India had raised objection to the transfer saying the Nizam was not an independent ruler and prevailed upon the bank to freeze the account. Since then the matter is hanging fire. The UK House of Lords had later ruled that the account can only be unfrozen with the agreement between three parties - India, Pakistan and Nizam’s heirs. However, the amount deposited in the Royal Bank of Scotland has no will or trust deed.


The cultural advisor to the Nizam’s Trust, Muhammad Safiullah had estimated in 2008 that the Nizam’s heirs may get 20% of the money, while the Indian government will get a major share.
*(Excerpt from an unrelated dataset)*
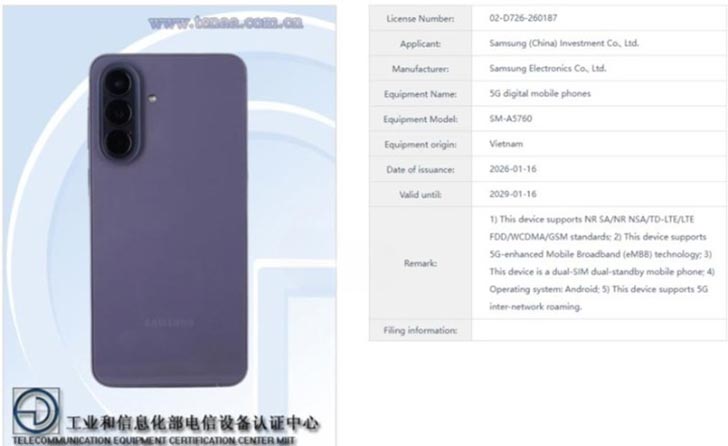 TENAA usually provides renders of the phones it lists in the database, though it sometimes takes a while. We found the Samsung Galaxy A57 on TENAA last week. Most of its specs were exposed by this Chinese authority. And now they’ve updated the same listing with Galaxy A57 renders.

The last Nizam of Hyderabad had 18 daughters and 16 sons; two sons and three daughters are still alive; there are 104 grandchildren. 


The Nizam had refused to accede to India after Independence and wanted Hyderabad to remain an independent princely state, or join Pakistan. But in September 1948, Hyderabad had to join the Indian Union after an operation by Indian armed forces. The Nizam, who known as the richest man of his times, also financed Pakistan’s first national Budget.
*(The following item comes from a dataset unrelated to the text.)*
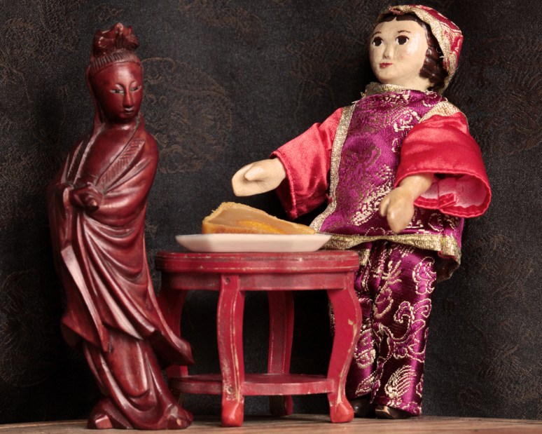 Tonight is the Autumn Moon, and the Quimper Hittys have acquired a piece of Moon Cake. Normally Chang’e the Moon Goddess is invited to bless the moon cake. Our Guanyin figure declines to get involved, even as a stand-in, as she/he does not want to step on anyone’s toes. We all wish everyone a happy Autumn Moon.

In 2008, the UPA government, through a Cabinet decision, decided to pursue an out-of-court settlement after the Nizam’s descendants met the then Prime Minister Dr Manmohan Singh and then Finance Minister Pranab Mukherjee. The latter also went to Islamabad in 2008 and offered to settle the issue. But the India-Pakistan dialogue process got derailed after the 26/11 terror attack in Mumbai. Again, after revival, the dialogue process was again derailed after the Pakistani High Commissioner in India met Kashmiri Hurriyat leaders just before foreign secretary level talks were slated to be resumed in Islamabad. Thus the matter still remains unresolved.
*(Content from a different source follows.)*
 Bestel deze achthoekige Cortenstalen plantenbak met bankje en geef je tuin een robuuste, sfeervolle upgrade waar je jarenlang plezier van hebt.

The BJP and Prime Minister Narendra Modi should move to bring back the wealth stashed away by the Nizam in the Royal Bank of Scotland.


The Prime Minister made an effort by setting up a Special Investigation Team (SIT) to trace black money, as desired by the Supreme Court. He raised the issue of black money at the BRICS meeting at the margins of G20 in Brisbane and as well as in G20 Summit. The G20 Leaders’ Communiqué noted some transparency in tackling the menace of black money like dealing with base erosion and profit shifting (BEPS) of multinational companies by deciding that “profits should be taxed where economic activities deriving the profits are performed and where value is created.” The leaders committed to finalising the work in 2015, including transparency of taxpayer-specific rulings found to constitute harmful tax practices. They welcomed the progress being made on taxation of patent boxes.


The G20 leaders also decided to begin a global common reporting standard for automatic exchange of tax information (AEOI) on reciprocal basis by 2017 or end-2018, subject to completing necessary legislative procedures.


The government has received some initial information of about 800 account holders with HSBC and is working on it to come to some conclusions. With an eye on the future the government is planning to modify the Double Taxation Avoidance Agreements and other such agreements inked with several countries so as to make disclosures more transparent. It is also thinking of inking new agreements where disclosures would be transparent. But all these are matters of future concern. 


What is needed immediately is to take up the issue of known quantum of wealth stashed away in the Royal Bank of Scotland by the erstwhile Nizam’s finance minister. The amount is substantial at 30 million pounds or Rs 3 billion. The government’s coffer stands to gain substantially as this is the wealth of erstwhile Hyderabad state which rightly belongs to the Indian government after the merger of the princely state. Like Nizam’s state immovable property has become the property of the government after merger, so also the erstwhile princely state’s coffer should be the wealth of the government. India should take up this issue with the UK government to defreeze the account.